Inilah yang terjadi dalam sistem sekulerisme, yang diemban oleh negeri ini. Sistem kehidupan ini telah memisahkan agama dari kehidupan. Alhasil polisi bertindak sewenang-wenang karena mereka berusaha membungkam suara rakyat yang mulai kritis. Mereka berbuat sekehendak hati, tanpa peduli halal haram terhadap suatu perbuatan. Polisi yang lahir di sistem ini adalah mereka yang jauh dari kata adil, aman bahkan mengayomi masyarakat. Standar hidup yang mendewakan materi telah menciptakan aparat aparat yang oportunis, mereka menghalalkan segala cara demi meraup materi. Banyak sekali kasus yang cenderung lamban karena pelapor tidak memiliki uang, karena polisi tidak mau menangani jika tidak ada uang sebagai pelicin. Sehingga jika kita ingin mereformasi polri tanpa merevolusi sistem sekuler ini semua itu menjadi ilusi semata. Ini karena penguasa di sistem sekuler tidak benar-benar hadir untuk manjadi pembela bagi rakyatnya.
Maka untuk menjaga keamanan rakyat membutuhkan kebijakan dan aparat penegak hukum yang dapat memberikan rasa aman, sekaligus pencegahan jika ada hal hal yang membahayakan keselamatan rakyat, kondisi ini hanya ada di sistem Islam. Dalam Kitab Ajhizah Daulah Al Khilafah, Kepolisian berada di bawah Departemen Keamanan Dalam Negeri, yang dipimpin oleh Direktur Keamanan Dalam Negeri. Dalam Islam Kepolisian adalah alat utama negara dalam menjaga keamanan. Semua tugas dan fungsinya diatur dalam UU khusus, sesuai dengan ketentuan hukum syara'.
Sedangkan dalam menjalankan tugasnya, polisi diwajibkan mempunyai karakter yang unik, seperti keikhlasan, akhlak yang baik, seperti sikap tawadhu', kasih sayang, tindak tanduknya baik, seperti murah senyum, mengucapkan salam, menjauhi perkara syubhat, bijak, lapang dada, menjaga lisan, berani, jujur, amanah, taat, berwiba, tegas, tidak sombong dan arogan. Jika terdapat kasus kejahatan, mereka berusaha mencegah dan menindaknya, dengan melakukan pengawasan dan penyadaran, kemudian eksekusi keputusan hakim terhadap pelaku tindak kejahatan tersebut.
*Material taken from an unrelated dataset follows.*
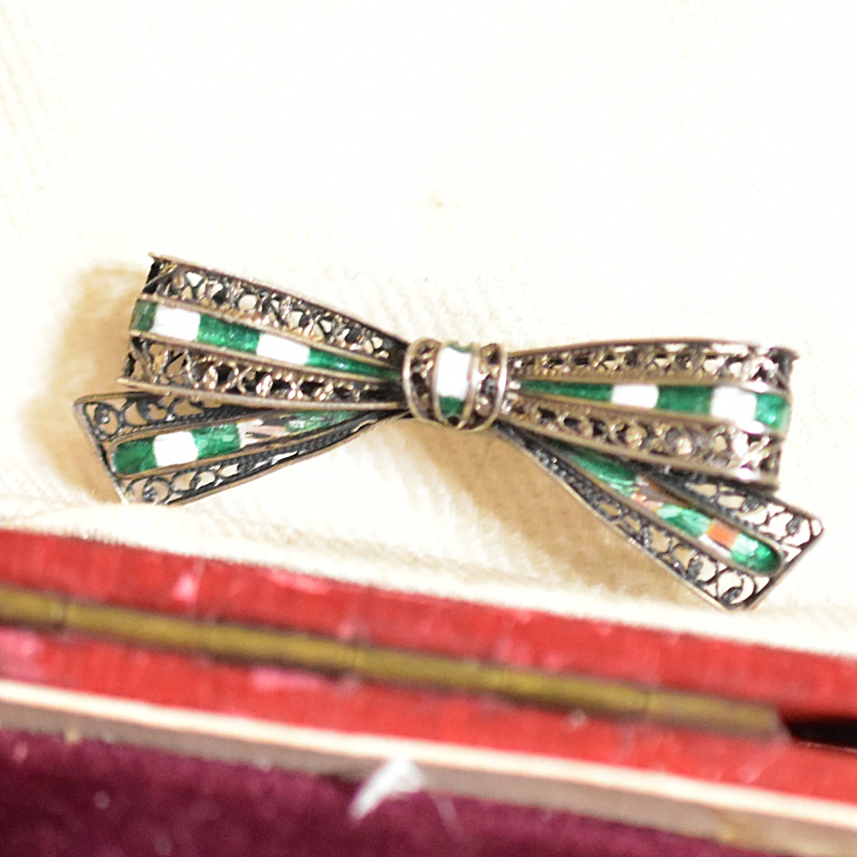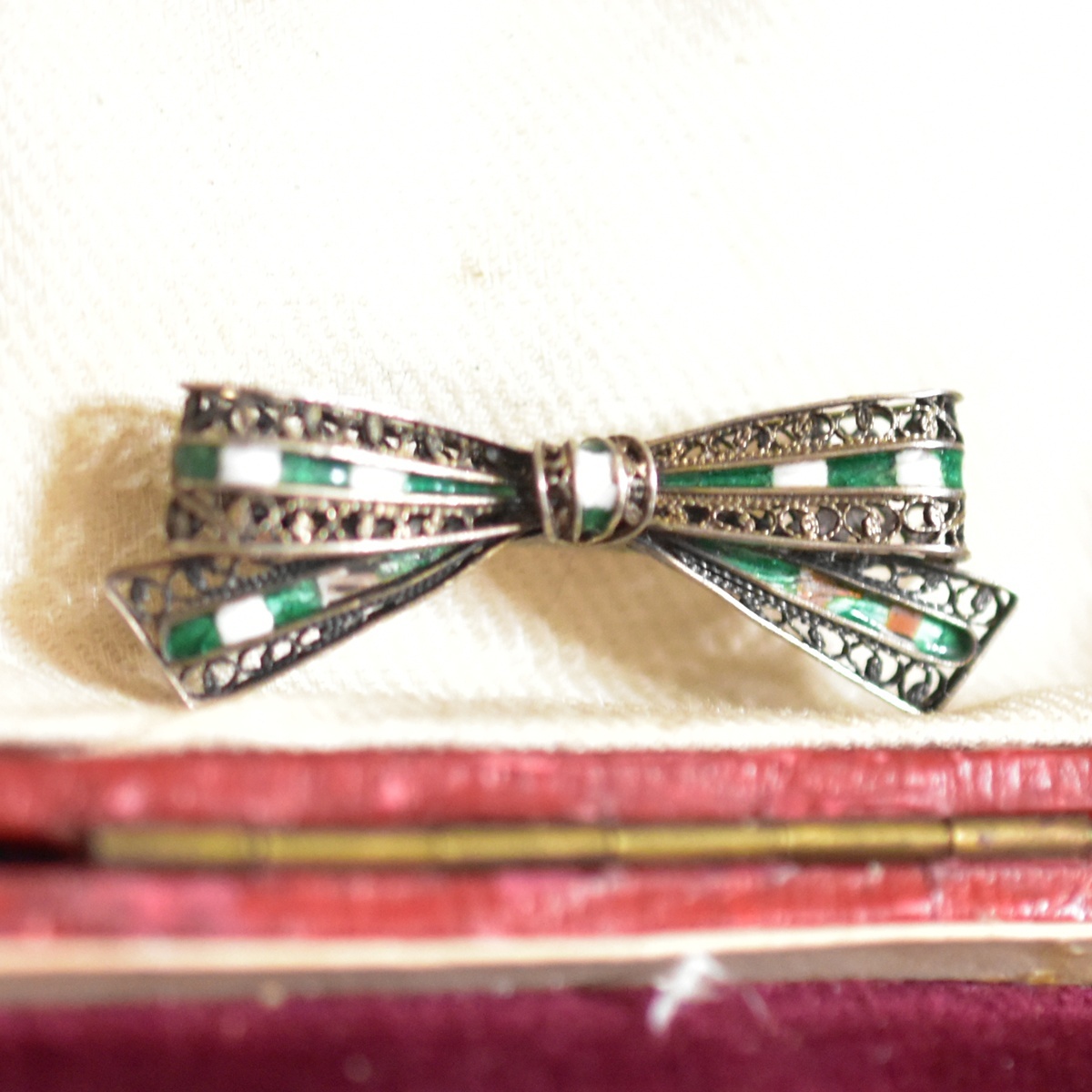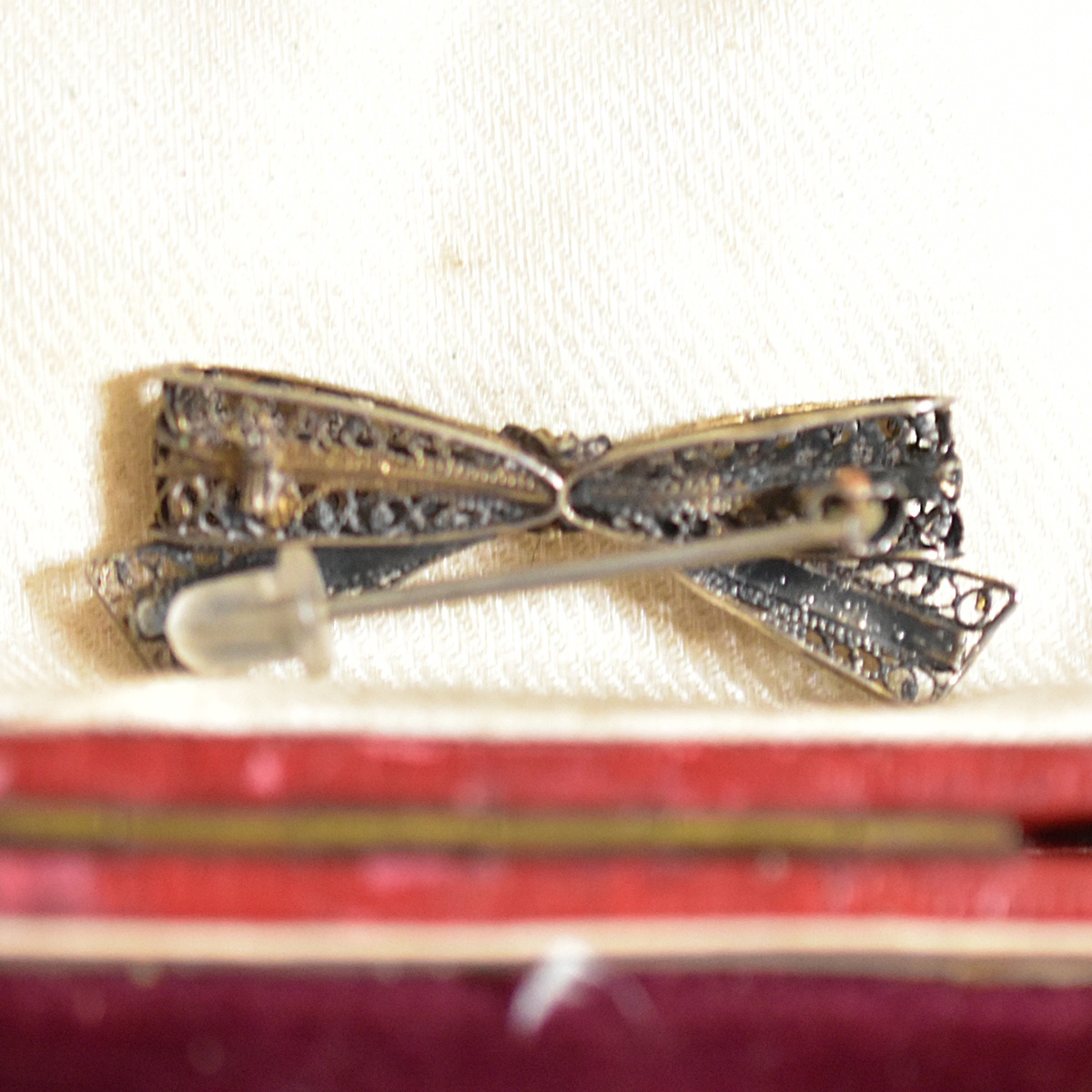 アンティーク 銀線細工とエナメル/七宝のリボンブローチ 19世紀後期~20世紀初頭ごろ ※金具無し※ 本物保証 收藏

Dalam Islam setiap korban pembunuhan akan mendapatkan keadilan, yaitu penguasa akan menegakkan diyat (denda atau tebusan harta) 100 ekor unta atau setara nilai uang, yang wajib dibayarkan oleh pembunuh kepada keluarga korban sebagai bentuk ganti rugi, terutama jika hukuman mati (qishas) dimaafkan. Diyat berat (mughalladhah) dikenakan untuk pembunuhan sengaja atau serupa sengaja, sedangkan ringan (mukhaffafah) untuk tidak sengaja. Sungguh karakter karakter diatas akan melahirkan polisi yang yang bermartabat (syakhsiyah Islamiyah) dalam menjalankan tugasnya, dan sebagai penjamin keamanan dalam negeri. Inilah solusi komprehensif yang diberikan oleh Islam atas kasus yang berkaitan erat dengan kemaslahatan umat. Dari sini nampak jelas, bahwa hadirnya negara dalam menyelesaikan kasus teror senantiasa merujuk pada aturan Allah Sang Pembuat hukum. Oleh karenanya, sudah saatnya kita mewujudkan penerapan Islam kafah dalam kehidupan, agar tidak ada lagi rakyat yang takut menyuarakan kebenaran dalam hal untuk kebaikan negara ini. Wallaualam bishowab.